Sure sounds mysterious to me...
You mentioned cloning your drive. Did you need to:
Reinstall the OS?
Reinstall Bitcoin-Qt?
Do you have an older backup of your wallet file?
Have you made any other recent changes (other than the HD upgrade) to your PC?
Does your passphrase contain any non-ASCII characters (any characters not in this table:
http://en.wikipedia.org/wiki/ASCII#ASCII_printable_code_chart)?
If the answer is no to all of those questions, I'd probably try dumping your wallet file with pywallet which might provide some clues.
You can download it from here:
https://github.com/jackjack-jj/pywallet/archive/master.zip If you're on Windows, you'll also need Python 2.7 from here:
https://www.python.org/download/ (you don't need any other libraries, despite what the README for pywallet says)

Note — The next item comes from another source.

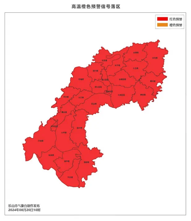 乐山市气象台2024年08月23日10时06分继续发布高温红色预警信号:预计未来24小时,沙湾区踏水镇、葫芦镇、轸溪镇、牛石镇、福禄镇、太平镇、嘉农镇、沙湾镇、铜河街道,市中区海棠街道、通江街道、平兴镇、剑峰镇、牟子镇、悦来镇、大佛街道、全福街道、棉竹镇、安谷镇、水口镇、苏稽镇、青平镇、茅桥镇、白马镇、土主镇、绿心街道等乡镇(街道)日最高气温将升至37℃以上。请注意防暑降温。

Next run it from the command line, something along these lines* (after you unzip the pywallet-master.zip file somewhere):
C:\python27\python C:\Downloads\pywallet-master\pywallet.py --dumpwallet --passphrase="the passphrase" > wallet-dumped.txt
If any of the private or public keys in your wallet file are corrupted, Bitcoin-Qt will complain about a bad password, but pywallet only checks the first key it finds. In the dump file, check for a message that says "The wallet is encrypted and the passphrase is correct" or "is incorrect". If correct, you probably have a single corrupted key which could be found and removed. If incorrect, then it could be your master key that's corrupted, or the password actually has changed, which might not be repairable....
* If you're paranoid like me, the output file should be something like " > e:\wallet-dumped.txt" where e: is a disposable thumb drive which you can later destroy. One thing about SSDs is that there's usually no good way to securely delete a file from them, and the dump file will contain all your
unencrypted keys... if you have a hard disk drive, you could use Microsoft's SDelete (Google for it...).